In the first quarter, the fiscal deficit constituted 11.4 per cent of GDP. The target is to rein it in at 3.2 per cent of GDP in the current financial year compared to 3.5 per cent in 2016-17.
In absolute terms, the fiscal deficit — difference between expenditure and revenue — was Rs 5.04 lakh crore during April-July 2017-18, according to the data of Controller General of Accounts (CGA).
During the corresponding period of the previous financial year, it was 73.7 per cent of the target.
The government had adavanced the Budget presentation and completed the process before the beginning of the current financial year to encourage ministries to go ahead with their expenditure proposals from the very first month, April.
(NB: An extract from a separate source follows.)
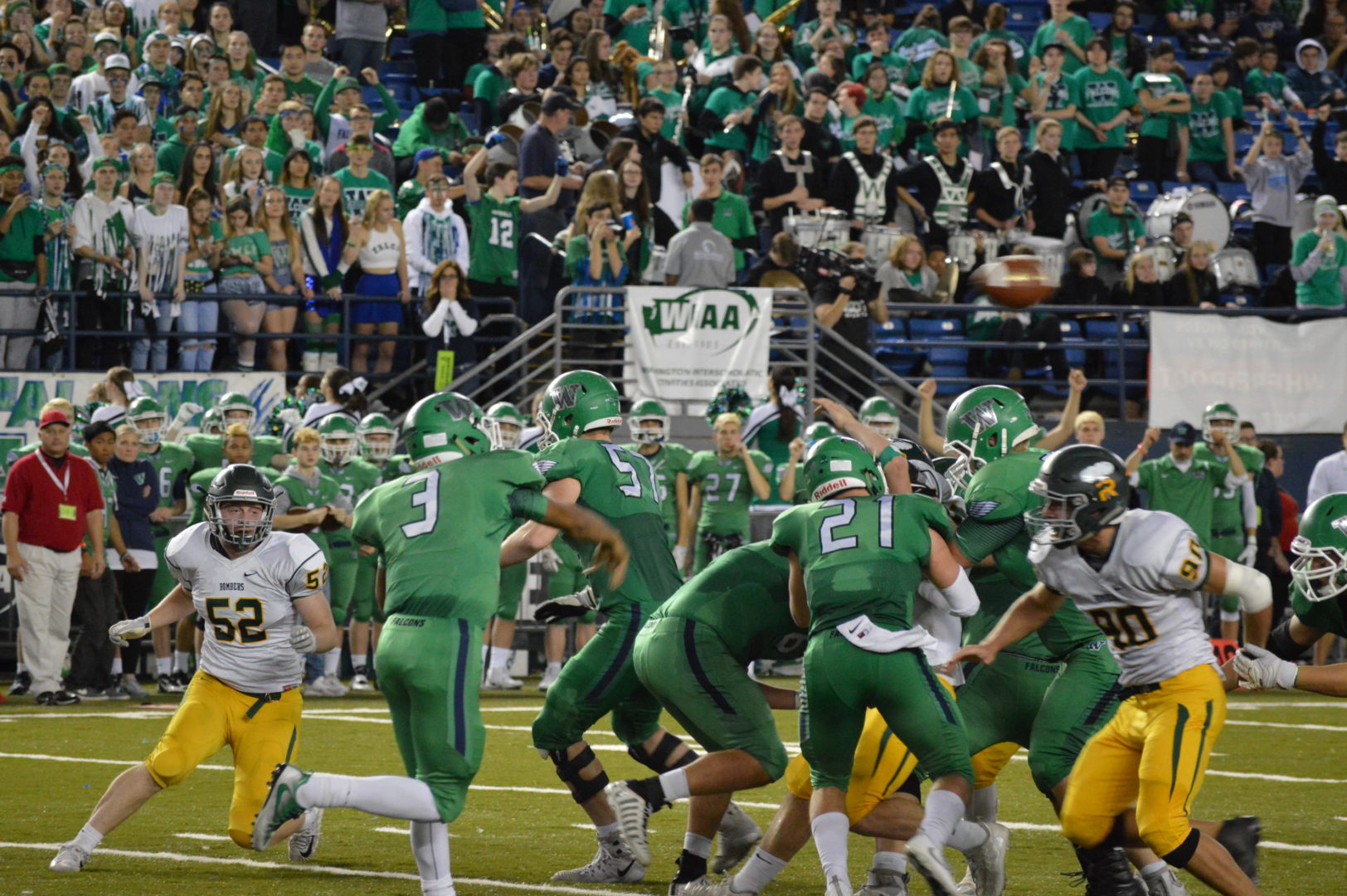 Woodinville would make it interesting and made it a 1-score game with more than 3 minutes to play when Sheffey took it upon himself to get it done running it in from the 9 and it was 28-21. The Falcons needed to get the ball back and and did just that forcing yet another 2nd half Bomber punt and the Falcons had it on their own 20 with 2:11 left to play. But Richland did not waste the huge 28 point lead they built and on a 4th and 11 it was that guy Weisenfels who came up big again with another pick to end the game.

The CGA data showed that government’s revenue receipts improved at Rs 2.91 lakh crore during April-July period, which works out to be 19.2 per cent of the target of Rs 15.15 lakh crore for the whole year.
In the comparable period last fiscal year, revenue receipts comprising taxes and other items were 18.6 per cent of the target.
According to the CGA data, government’s expenditure had been increasing on sequential basis and totalled Rs 8.08 lakh crore at July-end or 37.7 per cent of the BE.
Ministries of agriculture, consumer affairs, defence and railways witnessed increase in expending as compared to the corresponding period last year.
The revenue expenditure of the government, which is difference between revenue expenditure and revenue receipts, widened to 131.2 per cent of the BE, compared with 93 per cent in the April-July period of the last fiscal.